ДУША НЕИЗЪЯСНИМАЯ

We use cookies. Read the Privacy and Cookie Policy

ДУША НЕИЗЪЯСНИМАЯ

ДУША НЕИЗЪЯСНИМАЯ

0

ДУША НЕИЗЪЯСНИМАЯ

Каждый раз бессовестные люди, похитившие власть, сначала коварно создают безвыходные обстоятельства, а потом этими же обстоятельствами покрывают и оправдывают любые преступления: де, нас вынудили, де, не было иного выхода. Подобное случилось после гражданской, когда у крестьян отняли землю и под ружьем интернационалиста загнали в колхозы, чтобы при новой барщине ловчее было изъять бесплатный труд: дескать, стране нынче трудно и нужны "быстрые деньги". С той поры русская деревня походит на "подсечное" дерево, по которому топорами нанесли глубокие ребристые язвы, выдоили живицу, и сейчас вроде бы кудрявая вершина ещё гуляет в занебесье, но мертвеющая древесная плоть уже приготовилась к гибели. И вот, на исходе двадцатого века явился в помощь не лесник с добрым сердцем, чтобы выхаживать подрост, а ростовщик-космополит с пилою…

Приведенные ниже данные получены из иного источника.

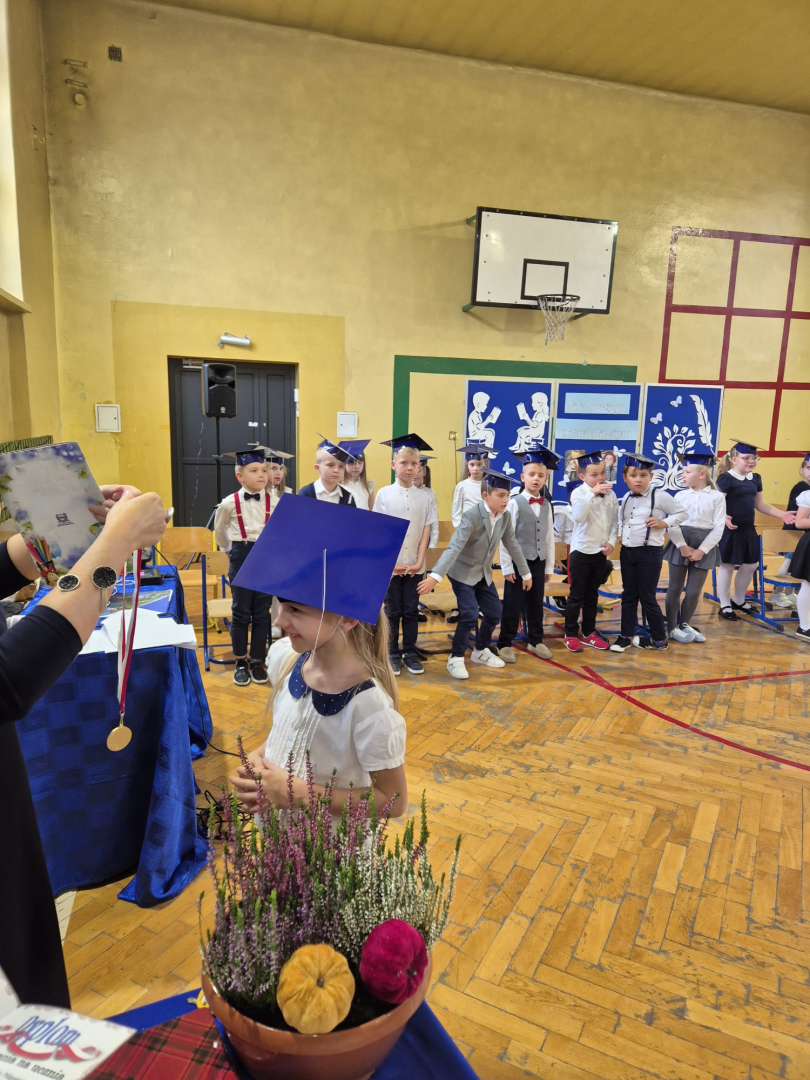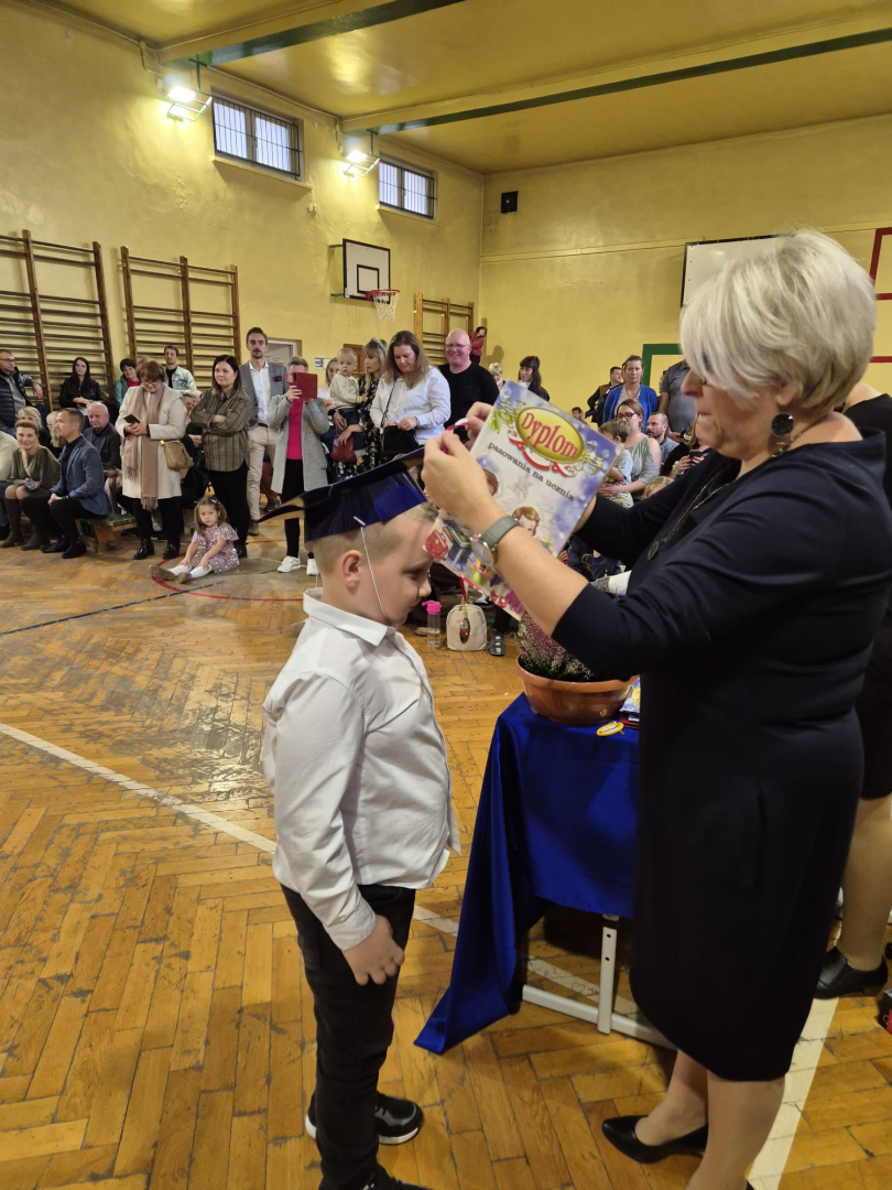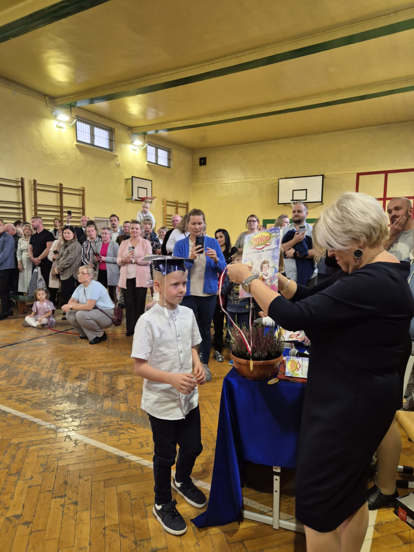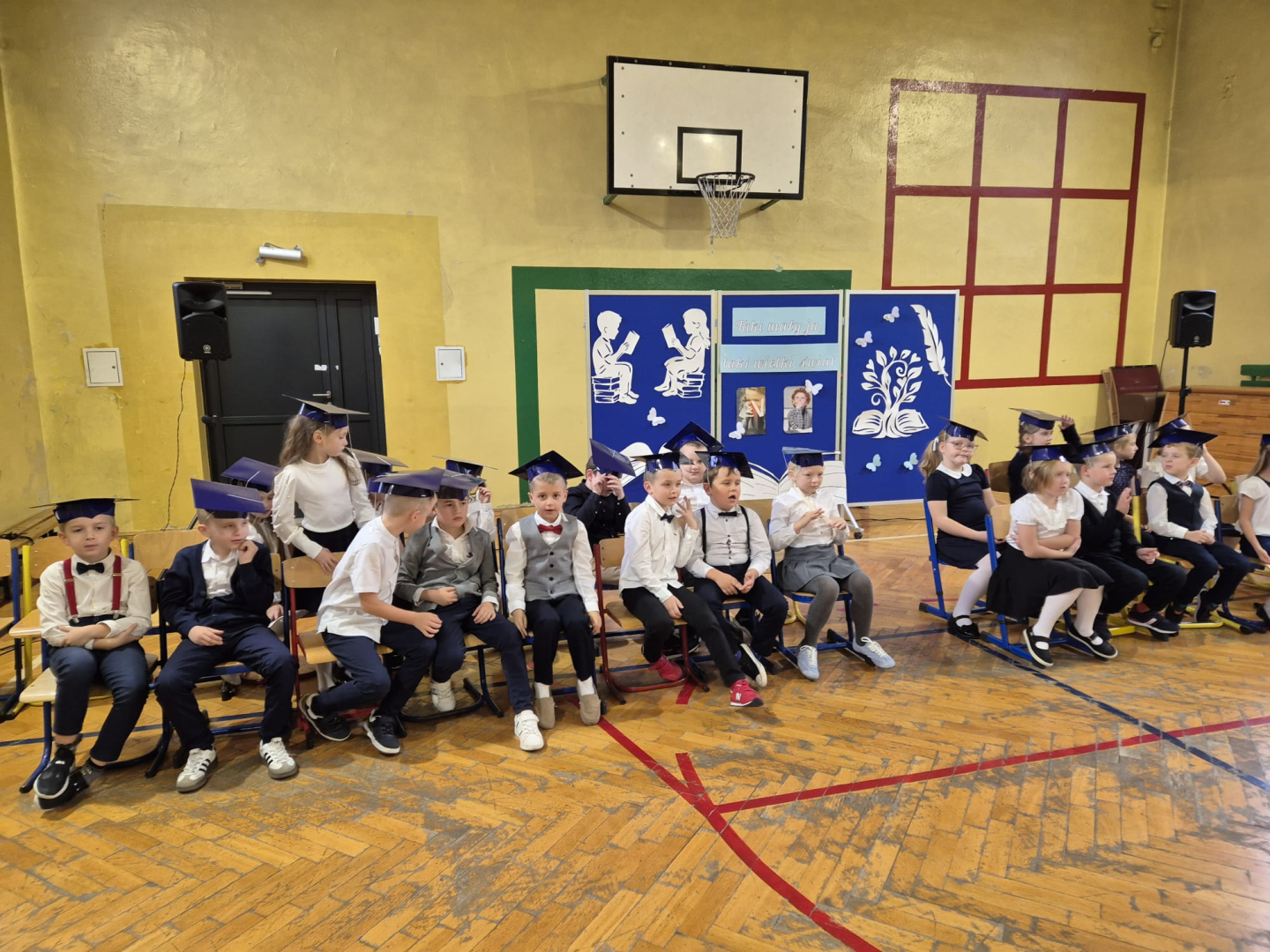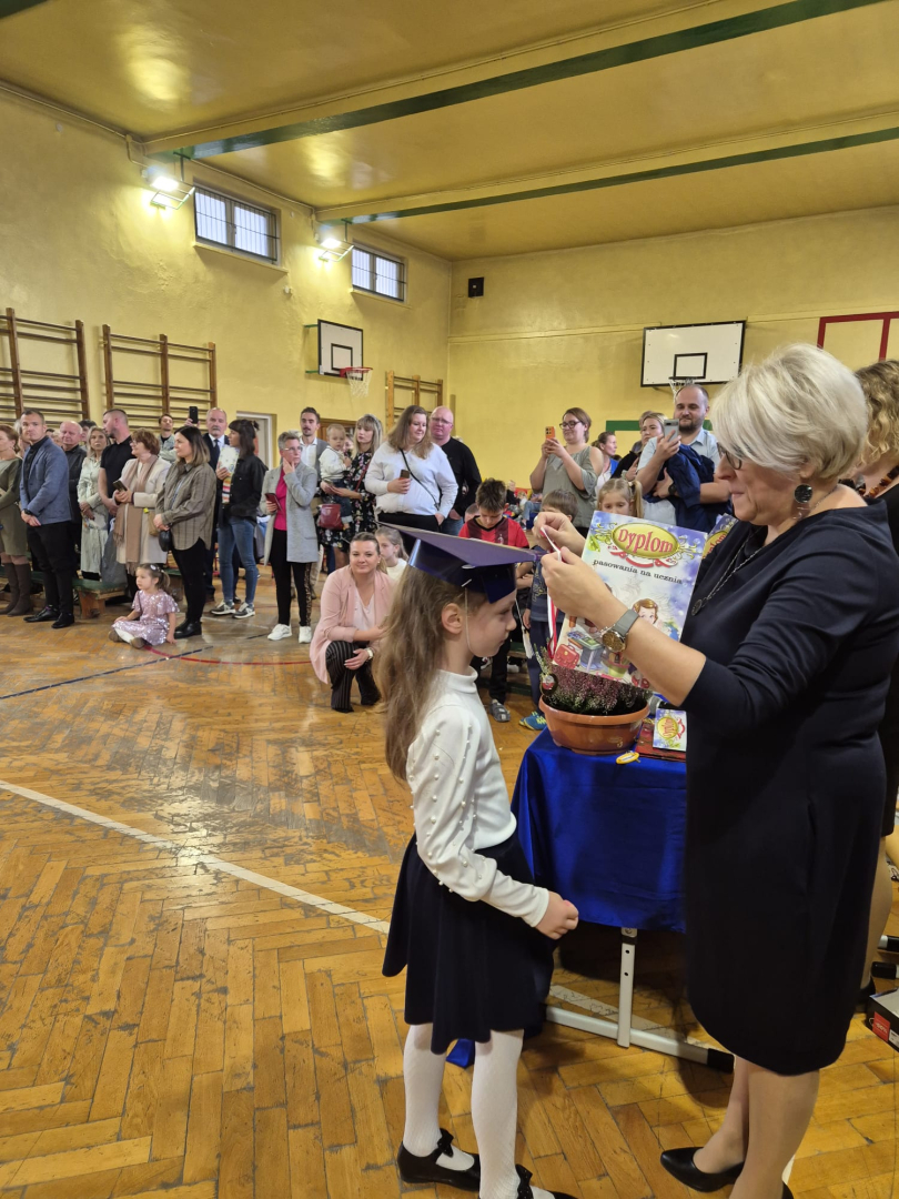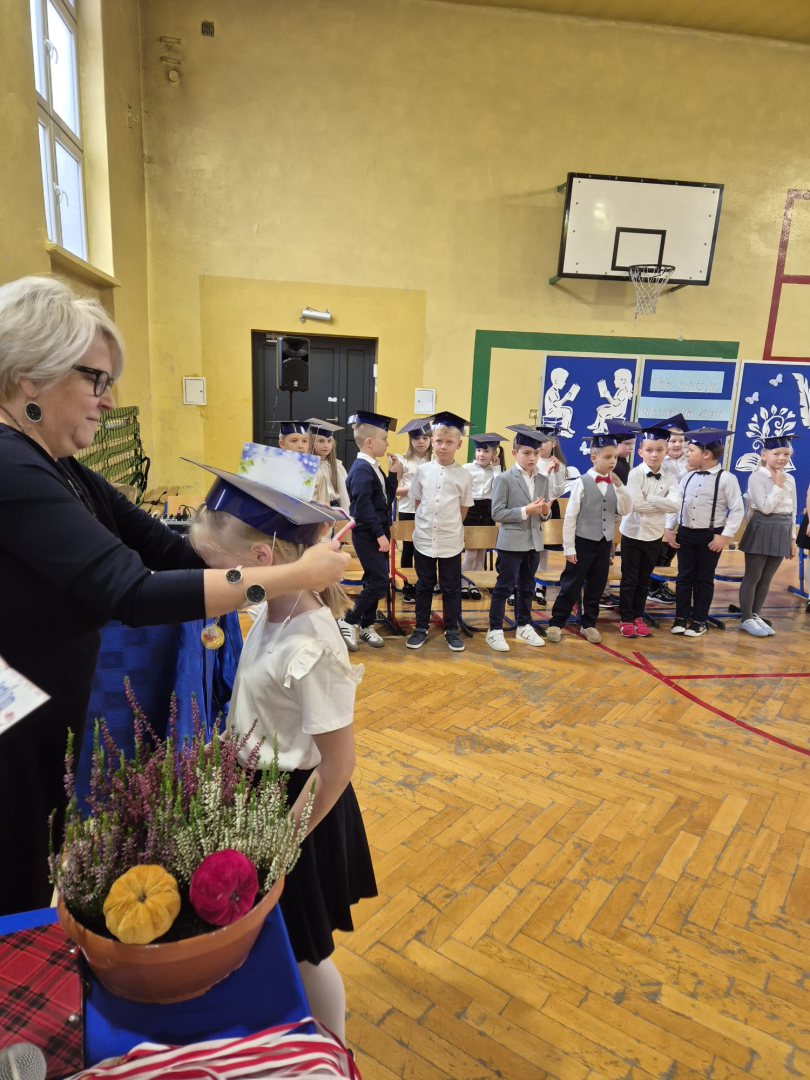 Mimo stresu związanego z pierwszym publicznym występem, dzieci doskonale sobie poradziły i udowodniły, że są gotowe, aby stać się stuprocentowymi uczniami. Dodatkowej wagi tej uroczystości dodali przybyli rodzice oraz Dyrekcja szkoły. W części artystycznej uczniowie zaprezentowali wierszyki, piosenki oraz wykonywali różne zadania. Po zakończeniu części artystycznej, w niezwykle podniosłej atmosferze, przed pocztem sztandarowym uczniowie ślubowali być dobrymi Polakami, godnie reprezentować swoją szkołę, swym zachowaniem i nauką sprawiać radość rodzicom i nauczycielom. Po złożeniu ślubowania Pani Dyrektor dokonała symbolicznego pasowania na ucznia. Wielką kredką, jak czarodziejską różdżką dotykała ramion swoich podopiecznych. Nie obyło się bez upominków i pamiątkowych zdjęć. Kochane Pierwszaki cieszymy się, że jesteście już uczniami i życzymy Wam sukcesów w nauce. Powodzenia.

Казалось бы, если всю родящую силу выпили у подъяремного крестьянина, содрали с него сто шкур, то нынче, когда расковались и вроде бы стащили с выи тесный хомут (так нас уверяют), — то, наконец, пожалейте его, всю мощь государства положите на алтарь возрождения деревни. Всё вопят и похваляются щелкунчики из Кремля: новая беда приперла, денег полно, денег девать некуда! Но, однако, ещё больший азарт насилия в сторону села, чтобы окончательно повалить мужика и закопать без промешки.

…Миллионы драм пережито, миллионы трагедий, многие из селян нашли могилку в чужой стороне. Какой надрыв силы, и вместе с тем какой нравственный подвиг посетил русскую деревню в тридцатые годы и не обессилил её, и не обесил. Тяжко было — да… За грелку молока, спрятанную на груди и утащенную с фермы голодному ребенку, давали доярке десять лет? — Да… За корзинку колосков, унесенных с поля, вчинивали пять лет тюрьмы? — Да… Но ведь пели песни, водили хороводы, справляли свадьбы, обильно плодились, хранили стыд и совесть, — ибо в ком совесть, в том и Бог. И лихую войну вытащили бессловесные, вроде бы, мужички на своих плечах, помня и раскулачивание, и голодомор тридцатых, и сибирские бараки, и безымянные кресты, — но не теша в груди мести. Податлив, но и непокорлив, вроде бы и распахнут на все пуговицы, но и сам себе на уме крестьянин, — закрытая книга для чужого погляда; это русская земля его таким выковала…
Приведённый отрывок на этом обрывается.